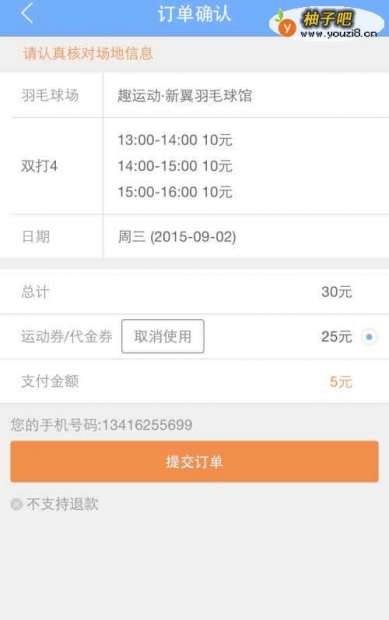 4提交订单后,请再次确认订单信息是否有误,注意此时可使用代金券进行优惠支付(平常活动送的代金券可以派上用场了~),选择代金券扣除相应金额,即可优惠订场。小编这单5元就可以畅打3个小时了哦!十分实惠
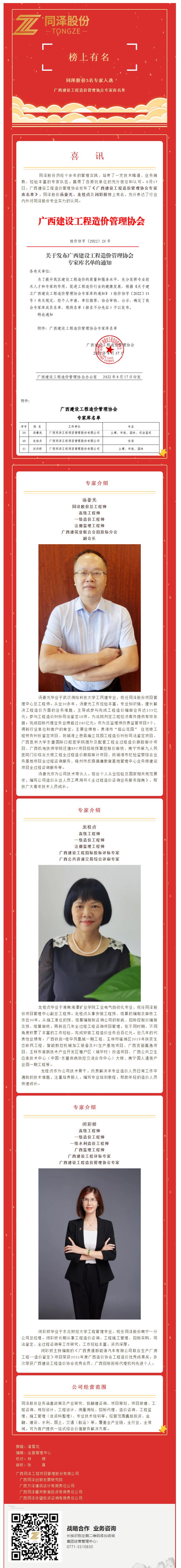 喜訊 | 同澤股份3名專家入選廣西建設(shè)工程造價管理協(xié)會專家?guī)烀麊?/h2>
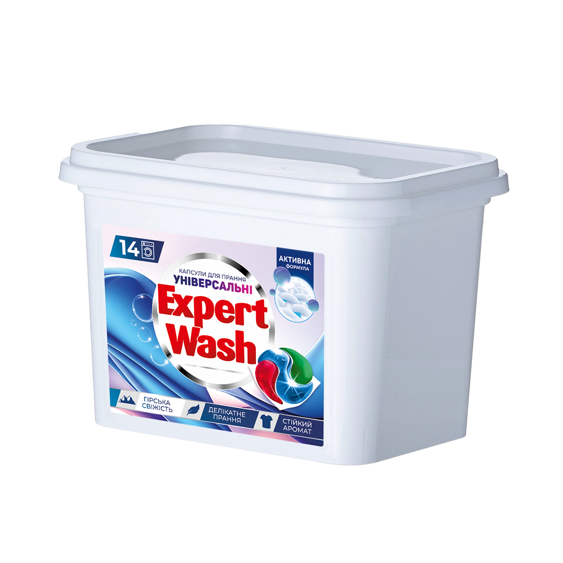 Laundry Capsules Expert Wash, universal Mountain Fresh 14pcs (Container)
--
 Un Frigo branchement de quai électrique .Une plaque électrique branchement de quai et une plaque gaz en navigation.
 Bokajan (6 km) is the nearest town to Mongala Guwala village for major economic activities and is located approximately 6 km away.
==
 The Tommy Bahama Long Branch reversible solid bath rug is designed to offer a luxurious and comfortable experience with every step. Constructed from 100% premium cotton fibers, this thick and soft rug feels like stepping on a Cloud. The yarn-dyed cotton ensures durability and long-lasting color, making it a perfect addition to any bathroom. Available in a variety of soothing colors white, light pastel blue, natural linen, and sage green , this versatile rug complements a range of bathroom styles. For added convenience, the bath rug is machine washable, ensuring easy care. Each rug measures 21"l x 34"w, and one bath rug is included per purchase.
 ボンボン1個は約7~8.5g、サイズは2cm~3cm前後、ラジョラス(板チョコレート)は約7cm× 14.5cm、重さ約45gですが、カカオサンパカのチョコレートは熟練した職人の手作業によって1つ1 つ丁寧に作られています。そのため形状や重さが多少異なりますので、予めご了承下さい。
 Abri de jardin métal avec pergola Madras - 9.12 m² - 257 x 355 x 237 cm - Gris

WHAT TO PRODUCE: What should come back is an exact copy of the lines above from the line with "4提交订单后,请再次确认订单" to the line with "Laundry Capsules Expert", both included, minus the pictures.

YOUR RESPONSE:
 4提交订单后,请再次确认订单信息是否有误,注意此时可使用代金券进行优惠支付(平常活动送的代金券可以派上用场了~),选择代金券扣除相应金额,即可优惠订场。小编这单5元就可以畅打3个小时了哦!十分实惠
 喜訊 | 同澤股份3名專家入選廣西建設(shè)工程造價管理協(xié)會專家?guī)烀麊?/h2>
 Laundry Capsules Expert Wash, universal Mountain Fresh 14pcs (Container)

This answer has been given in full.